Democrat Says CIA Didn't Give UN All Iraq WMD Data
Reuters -- 23 February 2004
By Tabassum Zakaria
WASHINGTON - A Democratic senator accused CIA Director George Tenet on Monday of making false statements when he said during public hearings that his agency gave the United Nations information about all the top suspected weapons of mass destruction sites in Iraq before the war.
"All such sites were not shared, and Mr. Tenet's repeated statements were false," Sen. Carl Levin of Michigan said in a speech on the Senate floor.
The CIA last month declassified the number of top suspected WMD sites categorized as high and medium priority, and acknowledged that 21 of those 105 sites were not shared with the United Nations before the war, Levin said.
A U.S. intelligence official countered that nine of those 21 sites had been "frequently" visited by U.N. inspectors between 1991 and 1999 and they knew as much about them as the CIA. Three of the sites were added to the CIA's list after Iraq declared them to the United Nations, and three sites were duplicate entries, the official told Reuters.

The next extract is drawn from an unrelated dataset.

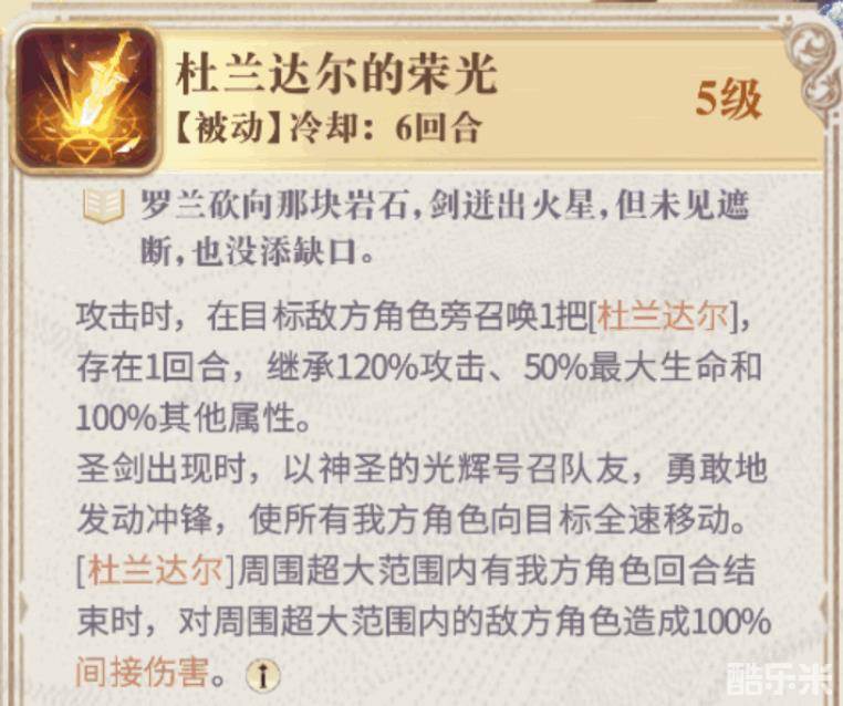 不过玩这个队伍需要把控好伤害,在召唤出杜兰达尔后,它的一回合没结束前击杀敌方。这样杜兰达尔就能一直存在。

The CIA did not know the precise locations of several other sites and efforts were being made to develop more data on them, the official said on condition of anonymity.
Levin said if the public had known that not all WMD site information had been shared with U.N. weapons inspectors it might have reinforced sentiment that U.N. inspections should be completed before going to war.
"I can only speculate as to Director Tenet's motive," said Levin, the senior Democrat on the Senate Armed Services Committee and a member of the intelligence committee.
"In other words, honest answers by Director Tenet might have undermined the false sense of urgency for proceeding to war and could have contributed to delay, neither of which fit the administration's policy goals," Levin said.
Prewar intelligence on Iraq has become a key issue in this year's presidential election campaign, with Democrats suggesting the Republican White House exaggerated the threat to build its case for war.
"We provided the best information that we had and the notion that we held back information that would have been useful is simply wrong," the U.S. intelligence official said.
"The U.S. certainly did not hold back timely actionable intelligence information from the (U.N.) inspectors," he said.